Every line from the one containing "This paper introduces" through the end of the listing below must be given again exactly, and nothing else; exclude pictures.

----

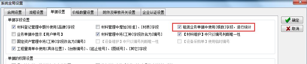 1、在【系統(tǒng)全局設(shè)置】的【單據(jù)設(shè)置】中,有一個開關(guān)在租賃管理中,特別是在結(jié)算統(tǒng)計時非常有用,這里做特別說明。如下圖所示
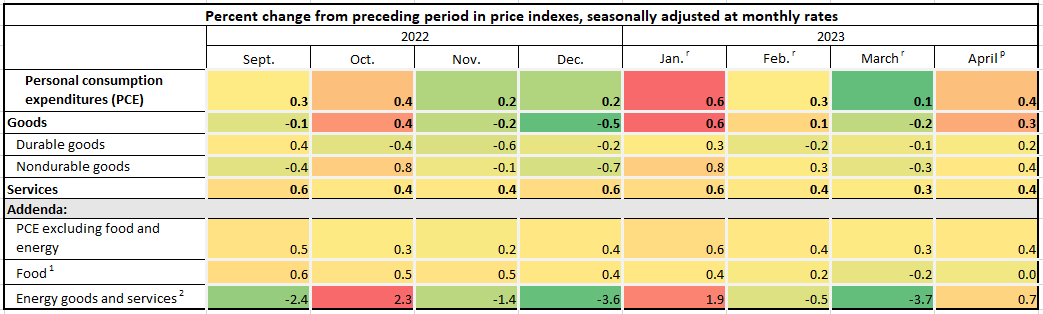 The core-PCE Price Index, which excludes food and energy, was up 0.4% (Briefing.com consensus 0.3%) and was up 4.7% versus 4.6% in March.
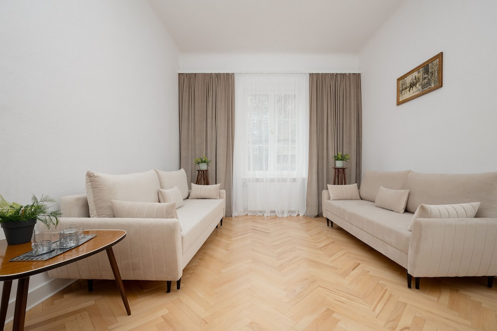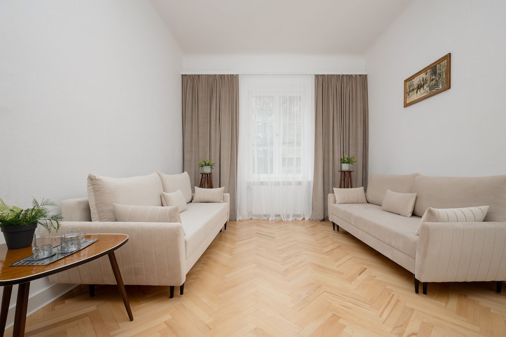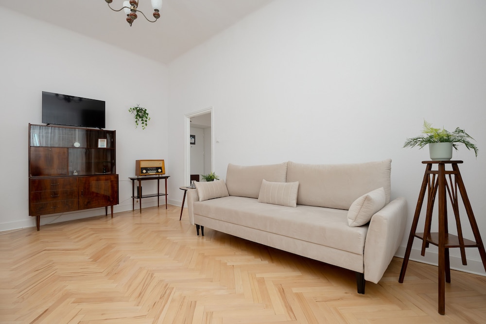 Kulttuurin ja tieteen palatsi sijaitsee 2 minuutin ajomatkan päässä ja Kansallisstadion 6 minuutin ajomatkan päässä. Tämä huoneisto sijaitsee 6 km:n päässä kohteesta Vanhankaupungin aukio ja 0,2 km:n päässä kohteesta Varsovan teknillinen yliopisto. Tämä huoneisto tarjoaa käyttöösi keittiön. Etäisyydet pyöristetään lähimpään 0,1 mailiin ja kilometriin.
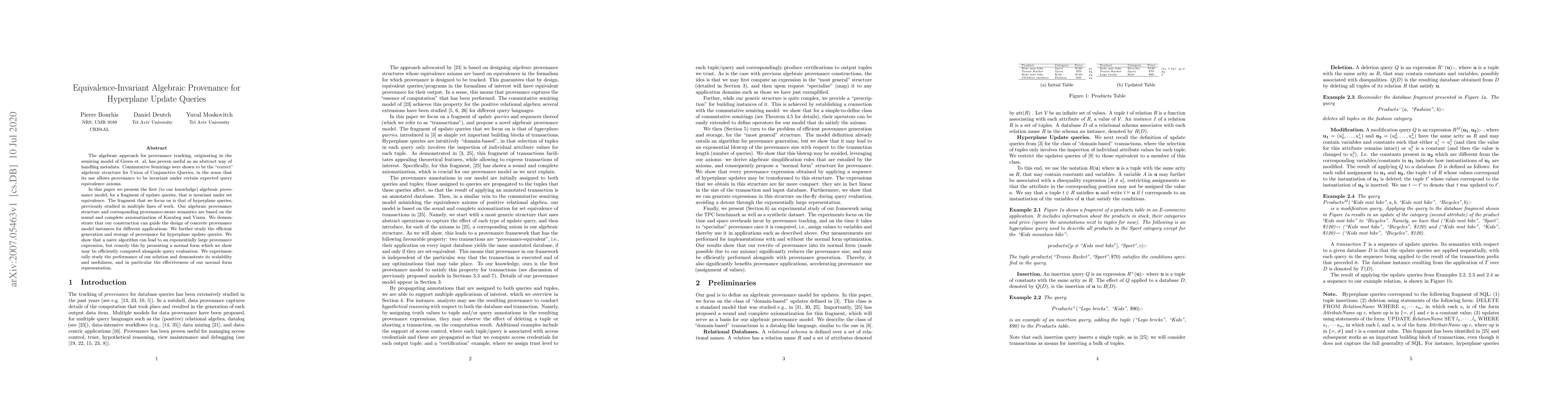 This paper introduces an algebraic provenance model for hyperplane update queries that remains invariant under set equivalence. It leverages Karabeg and Vianu's axiomatization to design efficient algorithms for generating and storing provenance, showing that a normal form can be computed alongside query evaluation to mitigate exponential growth in provenance size.
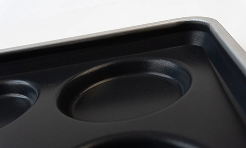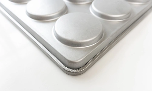 صنعت الصينية من الفولاذ المطلي بالألومنيوم بتقنية السحب العميق، وتتميز بسطح أملس سهل التنظيف بدون زوايا. تتميز قوالب الخبز بقاعدة ناعمة ومنحنية (مع خيارات إضافية للأقواس) لزيادة مساحة التلامس، مما يضمن خبز مسطحًا ومتجانس الشكل ومقاومًا للتشوه. تتوفر خيارات طلاء مانع للالتصاق عالية الأداء، بما في ذلك طلاء PFA عالي الأداء (يتحمل حوالي 3000 دورة) وطلاء التفلون الاقتصادي (يتحمل حوالي 1500 دورة)، لضمان سهولة إخراج الطعام ومظهر نهائي ممتاز.

----

Exercise result.
 This paper introduces an algebraic provenance model for hyperplane update queries that remains invariant under set equivalence. It leverages Karabeg and Vianu's axiomatization to design efficient algorithms for generating and storing provenance, showing that a normal form can be computed alongside query evaluation to mitigate exponential growth in provenance size.
 صنعت الصينية من الفولاذ المطلي بالألومنيوم بتقنية السحب العميق، وتتميز بسطح أملس سهل التنظيف بدون زوايا. تتميز قوالب الخبز بقاعدة ناعمة ومنحنية (مع خيارات إضافية للأقواس) لزيادة مساحة التلامس، مما يضمن خبز مسطحًا ومتجانس الشكل ومقاومًا للتشوه. تتوفر خيارات طلاء مانع للالتصاق عالية الأداء، بما في ذلك طلاء PFA عالي الأداء (يتحمل حوالي 3000 دورة) وطلاء التفلون الاقتصادي (يتحمل حوالي 1500 دورة)، لضمان سهولة إخراج الطعام ومظهر نهائي ممتاز.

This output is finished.